2.  A l’encontre de la France

a.  Invoquant l’article 3 de la Convention, le requérant se plaint de ce que son renvoi vers la Grèce lui fait courir le risque de subir des traitements inhumains et dégradants. Il estime qu’un renvoi vers la Grèce constituerait un refoulement indirect vers un pays intermédiaire qui ne remplit pas ses obligations internationales de protection des refugiés et des demandeurs d’asile.

b.  Invoquant les articles 3 et 13 de la Convention, le requérant allègue qu’il ne dispose pas en droit français d’un recours de plein droit suspensif pour contester la décision de réadmission vers la Grèce prise par le préfet, décision qui peut être exécutée d’office par l’administration. Il soutient également qu’il n’a été assisté d’un interprète qu’au moment de la notification des décisions préfectorales du 22 janvier 2009. Il n’aurait donc pas été informé dans une langue comprise par lui du déroulement antérieur de la procédure et n’a pas été en mesure de présenter des observations, comme la loi le permet, avant que le préfet ne prenne la décision de réadmission vers la Grèce.

EN DROIT

A.  Sur les violations alléguées de l’article 3 de la Convention relatives au séjour du requérant en Grèce en 2007

1.  Le requérant estime que les conditions de sa rétention administrative en Grèce étaient contraires à l’article 3 de la Convention, ainsi libellé :

« Nul ne peut être soumis à la torture ni à des peines ou traitements inhumains ou dégradants. »

1.  Thèses des parties

Le Gouvernement grec soulève une exception d’irrecevabilité tirée du non-respect du délai de six mois exigé par l’article 35 § 1 de la Convention. Retraçant la chronologie des faits, le gouvernement grec estime que le requérant devait soulever le grief tiré des violences alléguées dans les six mois qui suivaient la fin de sa rétention, comme il en a eu la possibilité.
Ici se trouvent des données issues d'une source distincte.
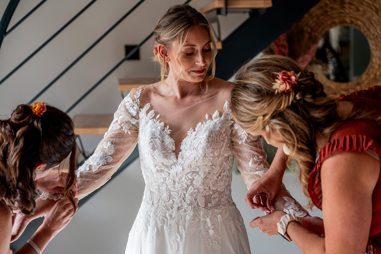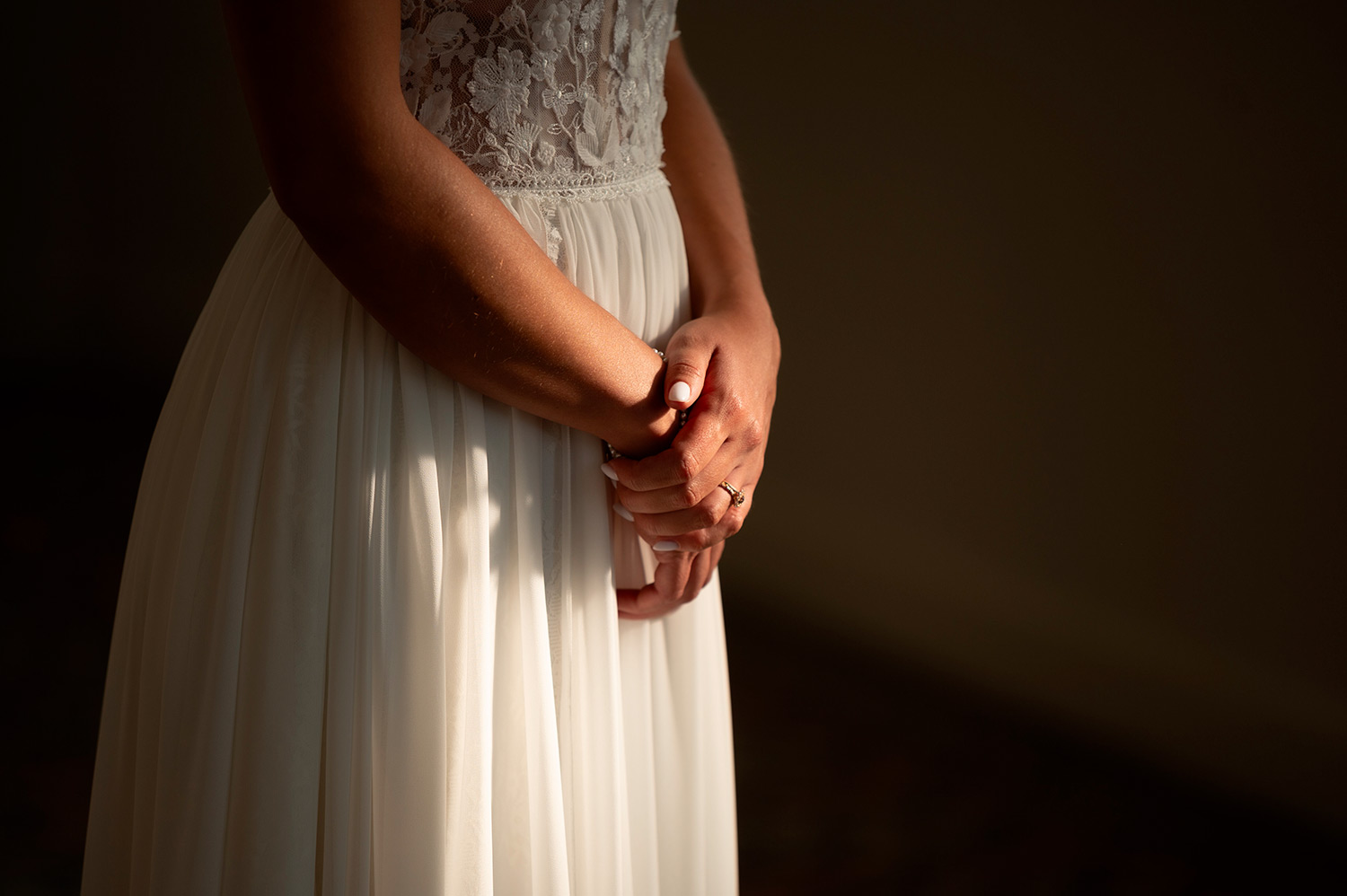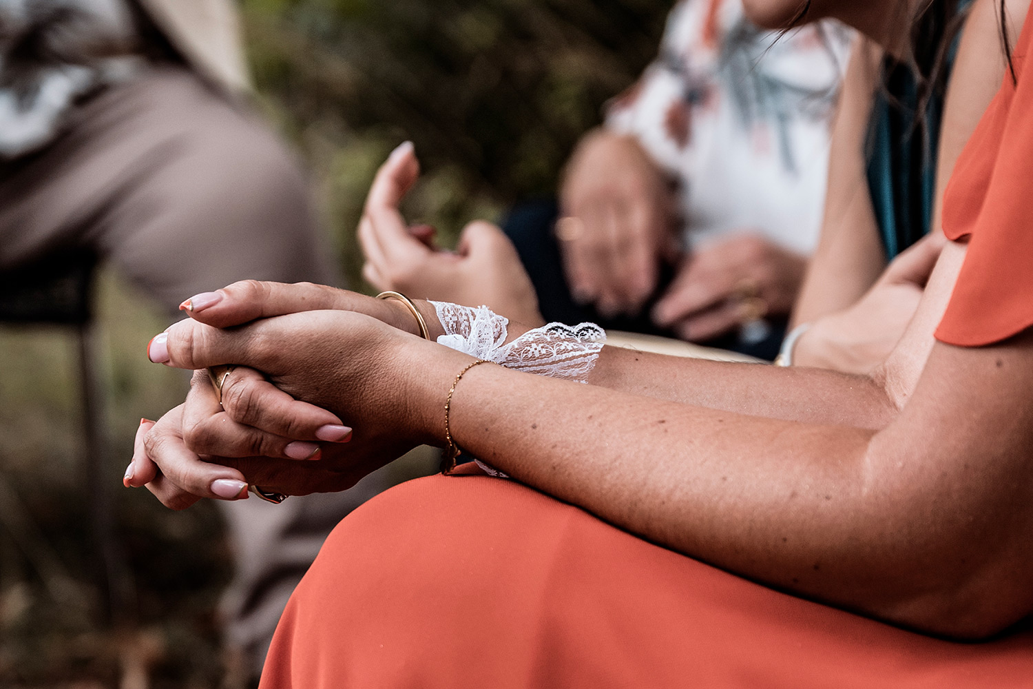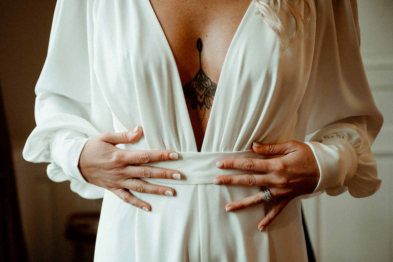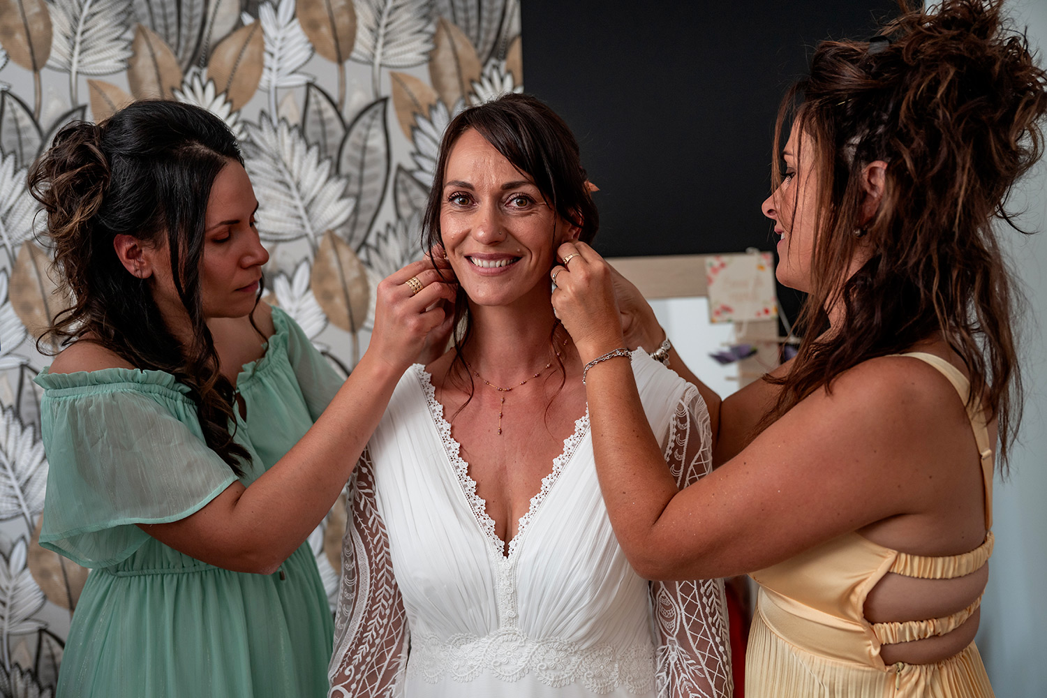 Les respirations profondes, les derniers détails ajustés, les regards échangés avec vos proches. C’est un moment suspendu, intime, rempli d’une douce tension. Les émotions montent sans encore déborder.

Or, il a introduit sa requête devant la Cour plus d’un an après.

Le requérant soutient, sans plus de précisions, que le délai de six mois court à compter de la date à laquelle la décision interne est devenue définitive et en déduit que cet argument serait invoqué à mauvais escient dans les circonstances de l’espèce.

2.  Appréciation de la Cour

La Cour rappelle que le délai de six mois court à compter soit de la décision définitive dans le cadre de l’épuisement des voies de recours internes (Paul et Audrey Edwards c. Royaume-Uni (déc.), no 46477/99, 7 juin 2001), soit, lorsque le requérant ne dispose d’aucun recours effectif, de la date à laquelle ont eu lieu les faits incriminés ou encore de la date à laquelle l’intéressé a été directement affecté par les faits en question, en a eu connaissance ou aurait pu en avoir connaissance (Gongadzé c. Ukraine, no 34056/02, § 155, CEDH 2005-XI, et Younger c. Royaume-Uni (déc.), no 57420/00, CEDH 2003-I).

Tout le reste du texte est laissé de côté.